11. The method of claim 10, wherein the training the to-be-trained text recognition network according to the first text label value, the first text probability value, the second text label value, the second text probability value, the similarity label value, and the similarity score comprises:

determining a third loss value by adopting a third loss function according to the similarity marking value and the similarity score;

12. A text recognition apparatus, comprising:

the device comprises an acquisition module, a processing module and a processing module, wherein the acquisition module is used for acquiring a first video frame and a second video frame from a video to be identified, the video to be identified comprises at least two video frames, and the first video frame and the second video frame are two adjacent video frames;

the obtaining module is further configured to obtain, based on the first video frame, a first text probability value and a first feature vector through a first recognition network included in a text recognition network, where the first text probability value represents a probability that a text appears in the first video frame;

the obtaining module is further configured to obtain, based on the second video frame, a second text probability value and a second feature vector through a second recognition network included in the text recognition network, where the second text probability value represents a probability that text appears in the second video frame, and the second recognition network shares a weight with the first recognition network;

the obtaining module is further configured to obtain a similarity score through a full connection layer included in the text recognition network based on the first feature vector and the second feature vector;

a determining module, configured to determine a target video frame according to the first video frame and the second video frame if the first text probability value and the second text probability value are both greater than or equal to a text probability threshold and the similarity score is less than or equal to a similarity threshold;

and the identification module is used for performing text identification on the target video frame.
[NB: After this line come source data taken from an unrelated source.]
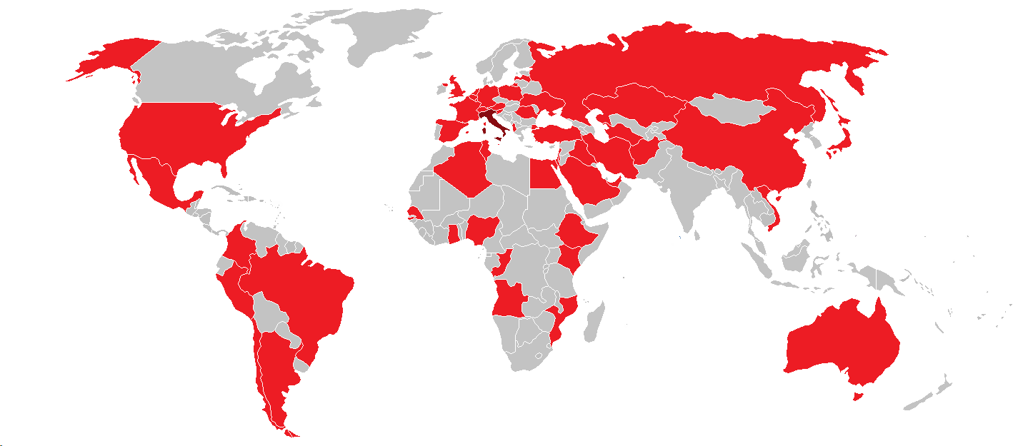 Foreign trips of Italian Prime Minister Matteo Renzi Italy Countries visited by Renzi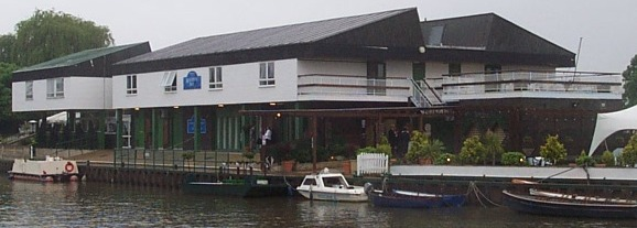 A cropped version of the file Ravens-ait-looking-upstream.jpg. Clearly displays the conference centre on Raven's Ait.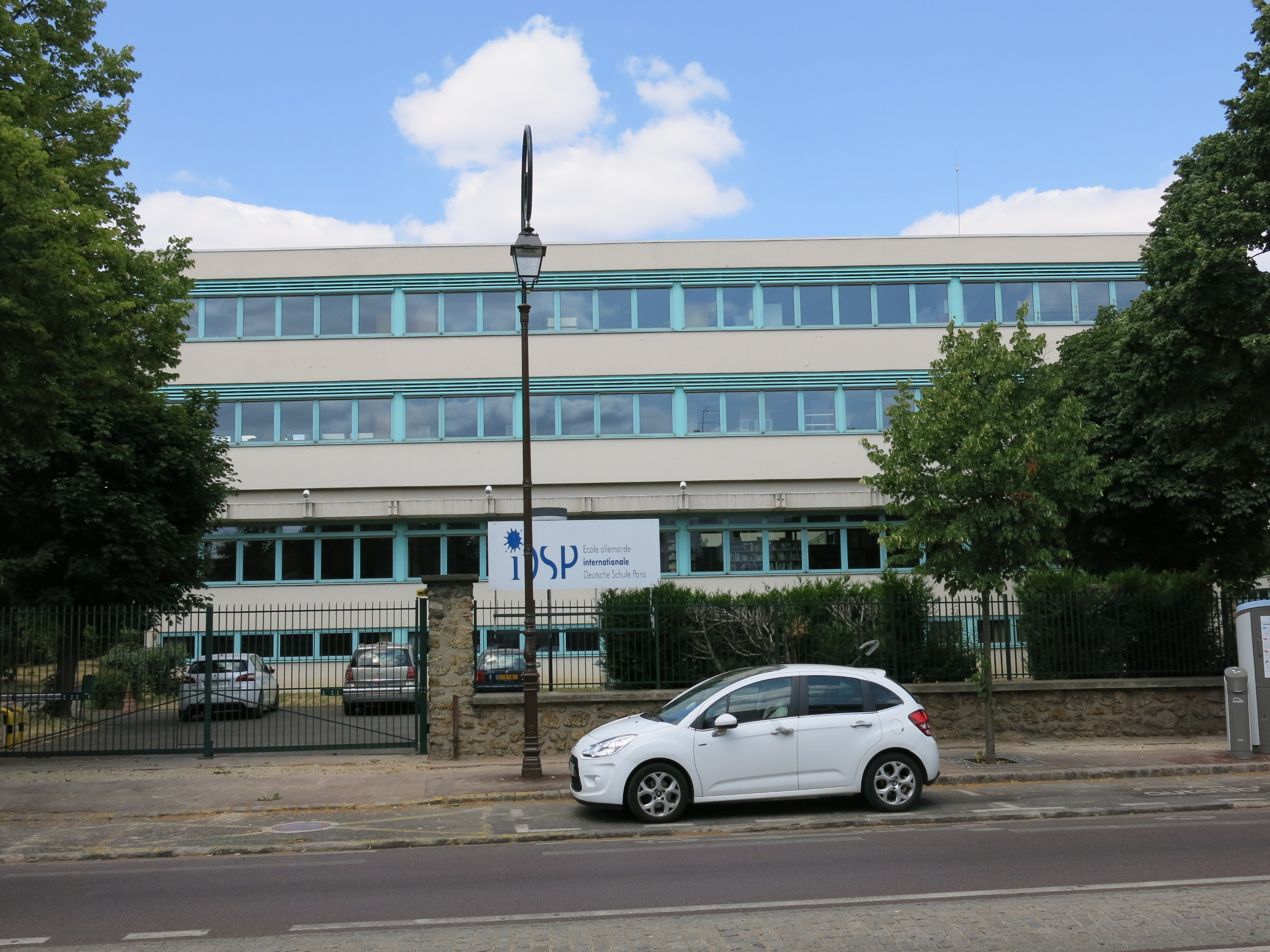 Building 18 rue Pasteur à Saint-Cloud (Hauts-de-Seine, France). Internationale Deutsche Schule Paris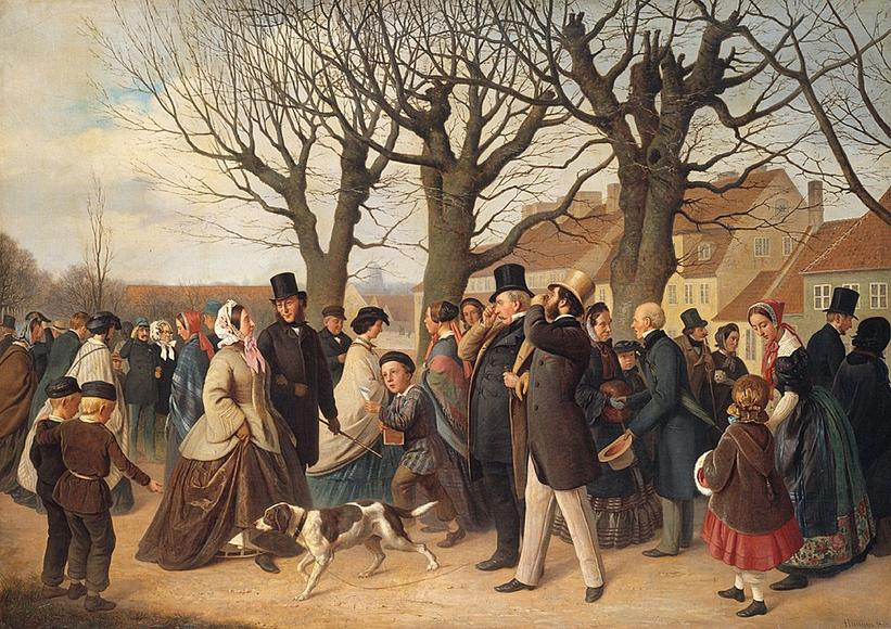 Andreas Herman Hunæus 's painting På Københavns Vold aftenen før Store Bededag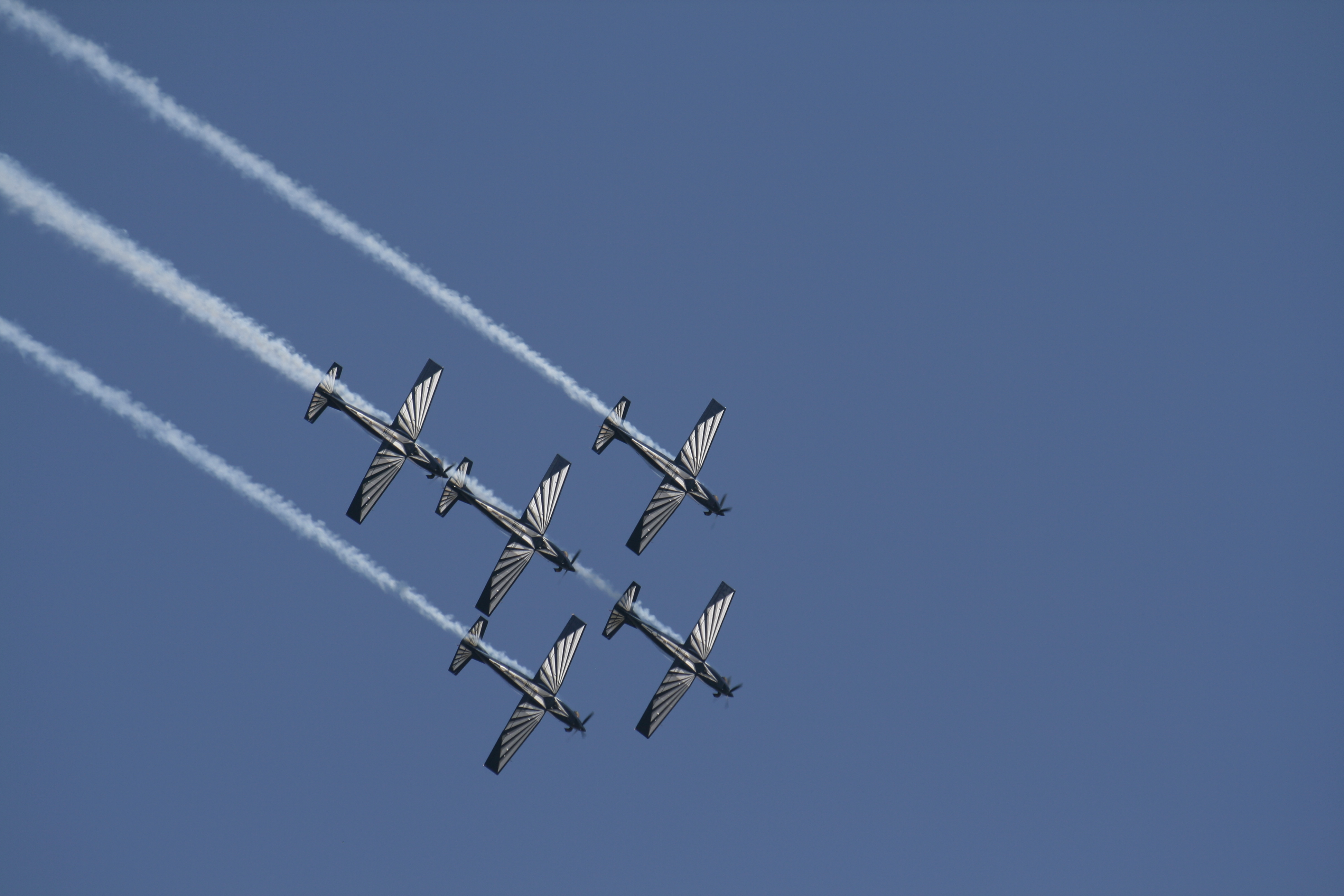 South African Air Force display team, the Silver Falcons in performing in the Pilatus PC-7

13. A model training apparatus, comprising:

the obtaining module is further configured to obtain, based on the first video frame sample, a first text probability value and a first feature vector through a first recognition network included in a to-be-trained text recognition network, where the first text probability value represents a probability that a text appears in the first video frame;

the obtaining module is further configured to obtain a second text probability value and a second feature vector through a second recognition network included in the to-be-trained text recognition network based on the second video frame sample, where the second text probability value represents a probability that a text appears in the second video frame, and the second recognition network shares a weight with the first recognition network;

the obtaining module is further configured to obtain a similarity score through a full connection layer included in the to-be-trained text recognition network based on the first feature vector and the second feature vector;

a training module, configured to train the to-be-trained text recognition network according to the first text label value, the first text probability value, the second text label value, the second text probability value, the similarity label value, and the similarity score, and output a text recognition network when a model training condition is met, where the text recognition network is the text recognition network according to any one of claims 1 to 9.

14. A computer device, comprising: a memory, a transceiver, a processor, and a bus system;

wherein the memory is used for storing programs;

the processor is configured to execute a program in the memory, including performing a text recognition method as claimed in any one of claims 1 to 9, or performing a method as claimed in any one of claims 10 to 11;

15. A computer-readable storage medium comprising instructions which, when run on a computer, cause the computer to perform the text recognition method of any one of claims 1 to 9 or perform the method of any one of claims 10 to 11.